What is your preferred portfolio allocation right now, for yourself, in terms of stocks versus fixed. I like 60/40, and believe it represents a "sweet spot" for general investing. 2007 may be another good year, but in the background, we have the usual suspects that could change the stock pricing floor. Of course, investor goals, timeframes, risk tolerance, etc., help determine portfolio allocations, but I believe the more money you have or manage for others, and the more experience you get, the more we work off a modified model. What think you generally for your clients in 2007?

Jan 10, 2007 2:21 pm
planrcoach:

but I believe the more money you have or manage for
others, and the more experience you get, the more we work off a
modified model. What think you generally for your clients in
2007?





60/40 is always right, all through with current market conditions 50:50 is probably better.




Jan 10, 2007 2:36 pm

Good to hear 50:50 for current conditions. The trimming in and around 50:50 and 60:40 gives a lot of client contact, which is good for business. But I would not mind seeing a down market next year (please give us one more easy year without a major correction) to help with moving new money.

Jan 10, 2007 2:41 pm
planrcoach:

Good to hear 50:50 for current conditions. The
trimming in and around 50:50 and 60:40 gives a lot of client contact,
which is good for business. But I would not mind seeing a down market
next year (please give us one more easy year without a major
correction) to help with moving new money.





Mostly, I'm just moving people out of junk bonds/floating rate and out
of the general market into things like SDY and TIPS funds. These days
quality stocks/bonds are so cheap compared to risky investments that
its a great time to upgrade.

Jan 10, 2007 3:48 pm

That focus on higher quality is a nice way to backfill the many years of steady economic growth. Any number of factors could quickly lessen confidence in the business environment. Just interesting to fully feel this particular point in time: great market prospects balanced upon the invevitable correction. It feels like 50:50. I like the idea of bringing in TIPS now. Do you think a floating rate high income fund could see much downside if things fall apart, compared to its ability to add some portfolio pop, if things do well.

Jan 10, 2007 4:06 pm

FYI, Fidelity Advisor Floating Rate Income fund has a 6% yield and very now NAV fluctuation from 2000 to 2006. And then there is their Strategic Real Return fund, mainly for inflation with a 3.9% yield. That fund has 30% TIPS, 25% floating rate, 25% commodity linked notes, 20% real estate. I'm using that with some strategic income funds, and/or national muni bond funds. Letting the fund managers trim the junk portion of strategic income as they see fit.

Jan 10, 2007 4:49 pm

" I like the idea of bringing in TIPS now. Do you think a floating rate high income fund could see much downside if things fall apart, compared to its ability to add some portfolio pop, if things do well."

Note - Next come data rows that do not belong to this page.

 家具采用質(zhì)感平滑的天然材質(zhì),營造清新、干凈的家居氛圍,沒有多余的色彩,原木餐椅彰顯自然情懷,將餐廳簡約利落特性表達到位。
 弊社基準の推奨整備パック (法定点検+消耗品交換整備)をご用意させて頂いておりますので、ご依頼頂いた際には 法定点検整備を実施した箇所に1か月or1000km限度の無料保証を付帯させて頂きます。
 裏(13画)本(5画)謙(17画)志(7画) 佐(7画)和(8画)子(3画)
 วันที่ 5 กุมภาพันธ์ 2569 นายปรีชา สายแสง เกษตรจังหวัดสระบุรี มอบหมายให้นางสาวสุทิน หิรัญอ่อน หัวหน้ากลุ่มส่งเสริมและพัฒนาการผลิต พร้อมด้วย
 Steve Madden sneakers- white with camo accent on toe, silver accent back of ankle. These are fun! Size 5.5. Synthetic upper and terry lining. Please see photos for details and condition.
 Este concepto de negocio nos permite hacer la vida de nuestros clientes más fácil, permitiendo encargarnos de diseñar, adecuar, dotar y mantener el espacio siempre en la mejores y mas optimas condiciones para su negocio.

I'm a Depression Era echo and an Inflation Era bang. When I think of inflation and I think of "things fall apart" I start to twitch!

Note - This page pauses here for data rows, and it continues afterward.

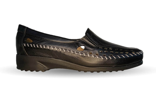 Zapato de Confort y Casual de piel de ternera con Shock Point Capricho 6041 Negro para mujer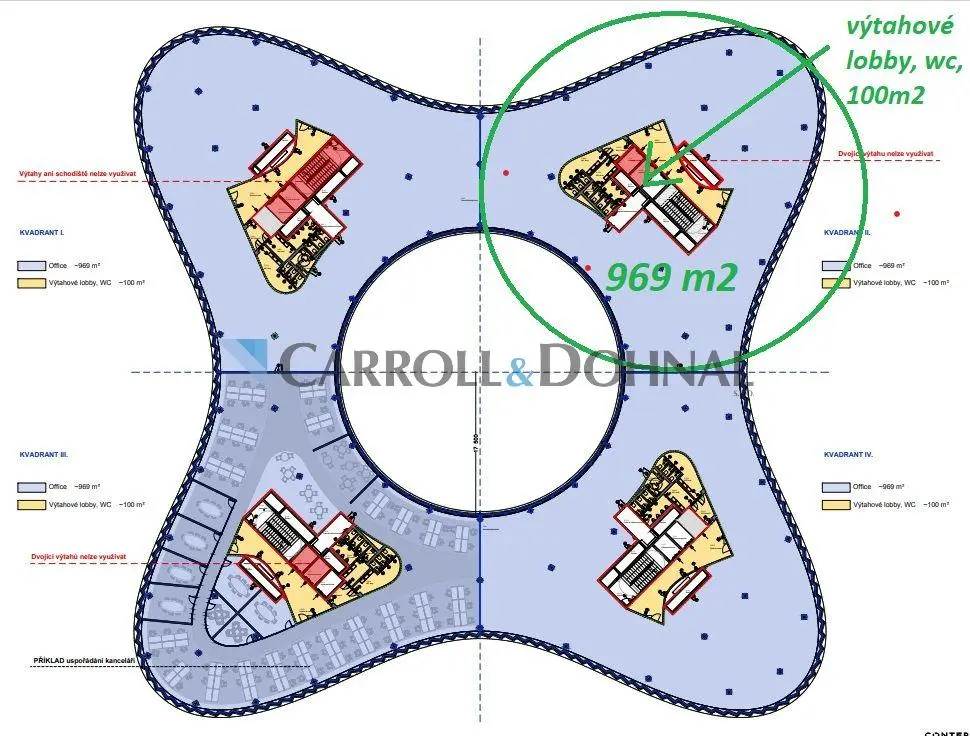 Nabízené prostory se nacházejí ve 2.NP budovy a jsou rozděleny dle tvaru budovy na 4 segmenty (kvadranty), každý o velikosti 969 m2, je možné pronajmout 1,2,3 nebo všechny 4 segmenty.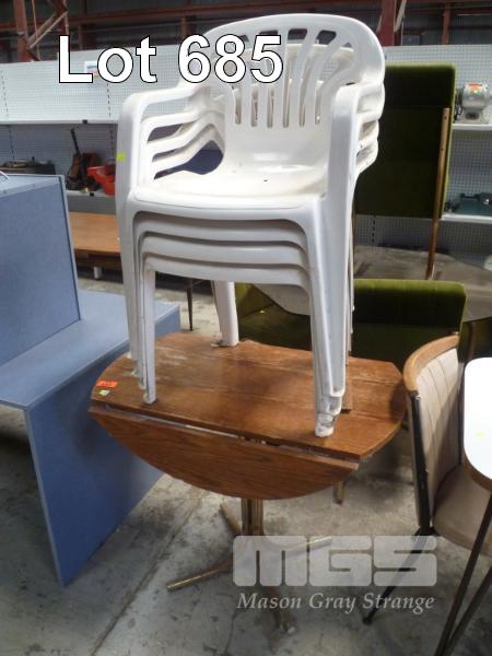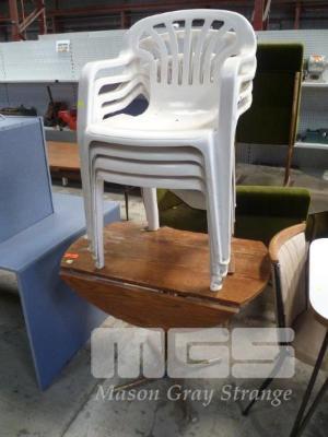 DROP SIDE TABLE, METAL BASE, TIMBER & 4 x STACKABLE PLASTIC OUTDOOR CHAIRS

TIPS now? Are you expecting further inflation? So much further from here that the inflation that we've had up until this point...? It didn't seem to get you to load up on TIPS before, why now?

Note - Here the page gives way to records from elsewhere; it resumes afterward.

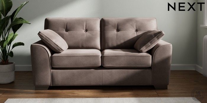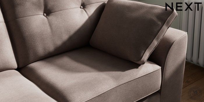7.2.10 Buy Stamford Buttoned Back 2 Seater Sofa Luxe Chenille Mink Brown Large Square Angle - Gunmetal from the Next UK online shop Click here to use our accessible website
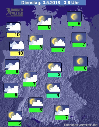 In der Nacht zum Dienstag bleibt der Himmel über der Osthälfte Deutschlands überwiegend sternenklar. Von Westen ziehen jedoch dichte Wolken in die westlichen Landesteile und in der zweiten Nachthälfte setzt hier zeitweiliger Regen ein. Am Alpenrand bleibt es die Nacht durch meist stark bewölkt und es sind weiterhin Schauer möglich. Die Temperatur sinkt auf 10 Grad entlang der Ems und etwa 3 Grad im Vogtland.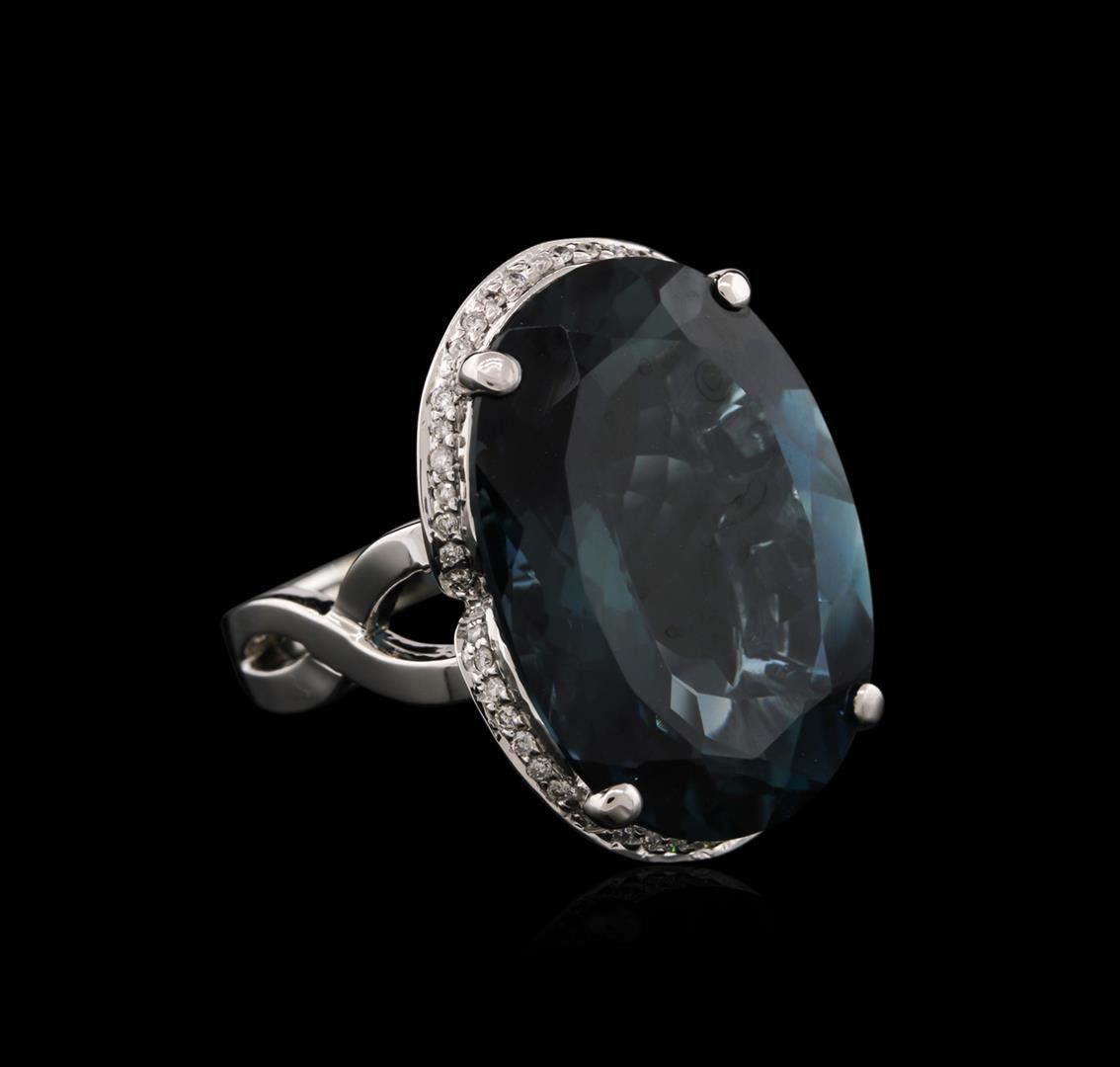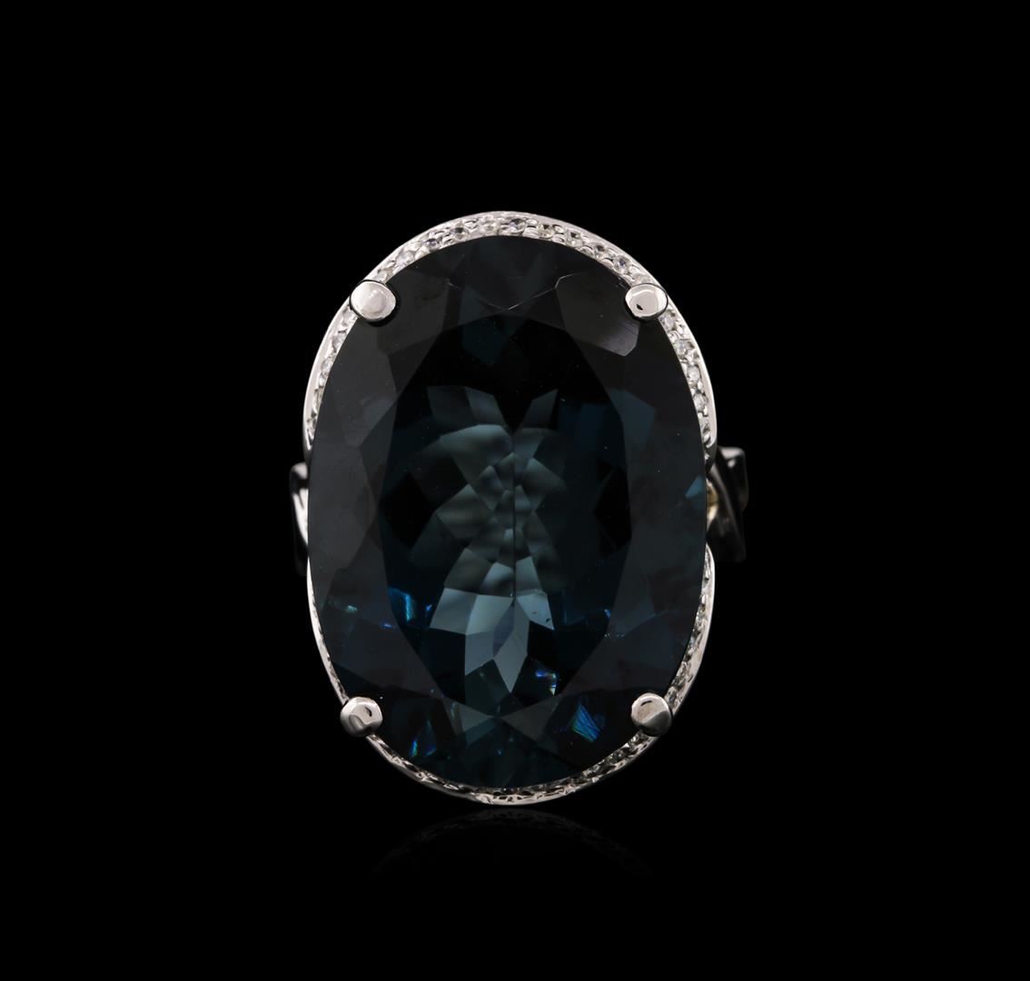 One electronically tested 14KT white gold ladies cast topaz and diamond ring with a bright polish finish. Identified with markings of "14K". Condition is new. Containing: One prong set oval modified brilliant cut natural blue topaz, measuring 24.75 x 18.00 x 11.70mm, approximate weight of 34.24ct., clarity is eye clean, type I, medium light, very slightly grayish, blue color, (GIA B 4/3), cut is good. Fifty prong set round brilliant cut diamonds, measuring 1.00 - 1.00 x 0.60mm (depth est.) approximate total weight of 50 Stones = 0.25ct. Clarity: SI-2 to I-1. Color: I - J, Cut is Good. Colored gemstones are presumed to have been subjected to commonly used enhancement processes. All diamonds and colored gemstones are graded in the mounting, unless otherwise stated. Total Weight of Colored Stones 34.24ct. Total Weight of Diamonds 0.25ct. Total Weight of Ring 15.70 grams. GGL Appraised at $2,695.00.

I own loads and loads of the CPI based floating rate bonds, so I'm always routing for higher inflation. But I've owned them and they are now a Tums factor in that I wonder about getting out of them if there isn't continued higher CPIage.


The good news to business (so far) is that the consumer seems to have accepted the idea that price inflation happens. Begining of 2005 the consumer wouldn't go for higher prices, then came the oil spike and price hikes seemed only fair. Meanwhile Christmas was more of a JESUS CHRIST!mas and retailers didn't get to sell as much of those price inflated goods as they had hoped. So when you ask if a high yield bond fund can hold it together if "things fall apart" it's going to depend on which things fall where.


IF as in big If, housing goes completely sewer pipe, and your junk portfolio has junk builders, junk suppliers, junk R/E plays chances are that your fund is in for a rocky road (something that fixed income people NEVER like, in my mind, junk is an equity play, never a bond play, buy junk when you think it's going to be upgraded and take the coupon to pay you while you wait or as part of your total return, never use junk to replace a fixed income position).


If the consumer has finally hit the wall, and your fund is big into Heelies bonds, you're going for a ride!


Junk is junk because the risk of the company flatlining when things go bad are greater than for investment grade companies (I know you know this, but it bears repeating!) Things can't go much badder than your costs going higher faster than your prices can.


OTOH, things can't go much better than your prices rise faster than your costs do and the dollars you're using to pay off debt are worth less than the dollars you borrowed. But how much "Pop" is that going to add from a fund? I'd prefer to selected preferreds (discount of course) Convertible if you can get them, a good yield stock (good meaning I think it's good, not good as in Con Ed) with growth potential and look for a 20% move, then move it on out and look for another. You're not cutting down the risk with a junk fund, not from these levels.


Mr. A

Jan 10, 2007 5:38 pm

You're pretty bright Mr. A. I mean that as a compliment. Well said.

Jan 10, 2007 5:47 pm

Yep, good idea to think of junk as equity and not fixed. I guess you hold the preferreds as individual securities and not funds?


I'm noting the current Investment News reports analyst consensus of S&P + 7% this year. That should get everyone's attention - that would be 7%, withstanding political risk, etc. - best case.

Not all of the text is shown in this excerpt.